## DATA

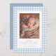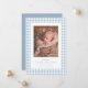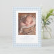 Introduce your new baby with this sweet and simple blue gingham birth announcement. The front of the classic design features a frame of blue and white checks with a single vertical photo along with customisable type and plenty of room for baby's name, birth date, stats and more. The back is a coordinating dusty blue with white dots and features room for a second photo. This design is part of the "oh baby" gingham collection by Lea Delaveris Design and is also available in other colours and as a digital birth announcement download. Find coordinating pieces like envelopes, envelope liners, thank you notes and more in the collection.
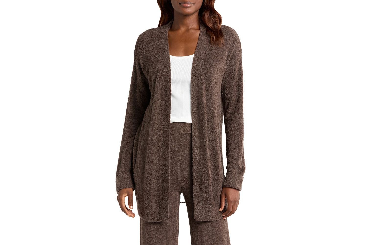 Why just get the cardigan when you can get a tea cozy pair of bloomers to match? This Barefoot Dreams’ matching sofa set comes in gray and white. It features a nail neckline, A button front closure, and wide-leg bottoms.
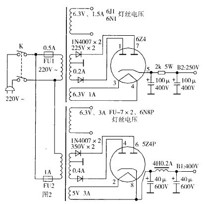 元器件選擇:(1)功放級(jí)采用兩只FU-7(}!外型號(hào)為807;(2)倒相級(jí)采用6N8P; (3)前置放大及音質(zhì)調(diào)節(jié)級(jí)采用6J1、6N1,該部分單獨(dú)供電,并經(jīng)嚴(yán)格隔離,尤其是6,11,最好單獨(dú)加隔離罩,周邊再加金屬隔離板。

## TASK INSTRUCTIONS
Pictures aside, reproduce the listing above exactly.

## WORKED SOLUTION
 Introduce your new baby with this sweet and simple blue gingham birth announcement. The front of the classic design features a frame of blue and white checks with a single vertical photo along with customisable type and plenty of room for baby's name, birth date, stats and more. The back is a coordinating dusty blue with white dots and features room for a second photo. This design is part of the "oh baby" gingham collection by Lea Delaveris Design and is also available in other colours and as a digital birth announcement download. Find coordinating pieces like envelopes, envelope liners, thank you notes and more in the collection.
 Why just get the cardigan when you can get a tea cozy pair of bloomers to match? This Barefoot Dreams’ matching sofa set comes in gray and white. It features a nail neckline, A button front closure, and wide-leg bottoms.
 元器件選擇:(1)功放級(jí)采用兩只FU-7(}!外型號(hào)為807;(2)倒相級(jí)采用6N8P; (3)前置放大及音質(zhì)調(diào)節(jié)級(jí)采用6J1、6N1,該部分單獨(dú)供電,并經(jīng)嚴(yán)格隔離,尤其是6,11,最好單獨(dú)加隔離罩,周邊再加金屬隔離板。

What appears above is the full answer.